Comment aborder la photographie qui nous est confiée
Depuis l’invention de la photographie au XIXe siècle, d’innombrables instants du monde entier ont été immortalisés. Collectionner des photographies revient à rassembler des fragments du monde. À l’ère des médias, de l’image, du visuel et du signe, de nombreuses expressions témoignent d’une même réalité : la profusion d’images visuelles caractérise notre époque. Alors que la photographie occupe une place croissante, notre posture et notre état d’esprit face à la prise de vue et à la contemplation des images deviennent plus que jamais essentiels.
La série « Knowledge » explore en profondeur les savoirs photographiques et les réflexions qui les sous-tendent. Ce nouvel épisode s’intéresse à la dimension instantanée et à la potentielle agressivité de la photographie. Une invitation à réfléchir à l’éthique photographique.
Le pinceau magique qui saisit l’instant
Revenons environ vingt ans en arrière, avant l’avènement de l’appareil photo numérique. Autrefois, l’appareil photo était un objet précieux, réservé à la conservation des souvenirs des grands jours, soigneusement gardé à la maison. Aujourd’hui, il suffit de saisir son smartphone pour non seulement photographier, mais aussi éditer, partager et explorer la photographie à un niveau inédit.
Sans même nous en rendre compte, nous avons peut-être adopté une nouvelle façon de percevoir le monde. L’une des motivations fondamentales de la prise de vue est la curiosité. Par exemple, lorsque nous croisons une enseigne insolite, l’envie de la photographier et d’en éprouver un sentiment d’appropriation relève d’un instinct photographique profond.
Image par 永田 仁二/ShinjiNagata
Le photographe qui a incarné cette sensibilité avec le plus de sincérité est sans doute Henri Cartier-Bresson, auteur de « The Decisive Moment ». Il a établi une nouvelle approche de la capture de l’instant grâce à son Leica 35 mm.
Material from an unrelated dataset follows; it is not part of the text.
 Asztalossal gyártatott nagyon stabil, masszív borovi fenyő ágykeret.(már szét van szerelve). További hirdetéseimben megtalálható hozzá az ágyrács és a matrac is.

Ses photographies sont reconnues non seulement comme des prises de vue, mais comme de véritables œuvres picturales réalisées à la caméra.
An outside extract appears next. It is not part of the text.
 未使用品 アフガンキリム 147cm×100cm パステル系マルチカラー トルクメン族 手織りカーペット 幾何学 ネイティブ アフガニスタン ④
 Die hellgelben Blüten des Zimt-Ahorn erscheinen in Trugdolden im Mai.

Photo Shooting – L’agressivité inhérente à la photographie
Nous devrions interroger en profondeur le sens de notre curiosité. L’expression « curiosité pour l’inconnu » nous semble naturelle, alors que « curiosité pour le connu » est rarement entendue. La curiosité est un sentiment tourné vers ce qui est flou, inexploré, mystérieux. Lorsque cette curiosité se porte sur autrui et se traduit par une prise de vue, elle requiert une grande délicatesse.
La critique américaine Susan Sontag affirme que « photographier, c’est s’approprier ce que l’on photographie ». Cela implique d’établir une relation singulière entre soi et le monde extérieur. À travers la photographie, on peut avoir l’impression d’acquérir un savoir ou un pouvoir particulier. C’est pourquoi il convient de rester attentif à la dimension « agressive » de la photographie.
Susan Sontag analyse l’expression « Shoot a picture » et approfondit la réflexion sur l’agressivité photographique. L’acte de déclencher l’obturateur peut être perçu comme celui d’appuyer sur une gâchette. L’agressivité de l’appareil photo diffère de la violence physique, mais elle n’en demeure pas moins une forme d’intrusion envers le sujet. La réaction instinctive de rejet face à l’objectif témoigne de cette dimension agressive inhérente à la photographie.
Des photographies empreintes de douceur
Image par Kyoka
Lors de la prise de vue, n’hésitez pas à engager la conversation et à établir un dialogue. Cela témoigne de votre respect et de votre empathie envers le sujet. Cette démarche favorise une compréhension plus profonde, qui se reflète dans l’univers de l’œuvre. Les photographies où transparaît la richesse de la relation entre photographe et sujet dégagent une atmosphère apaisante et bienveillante.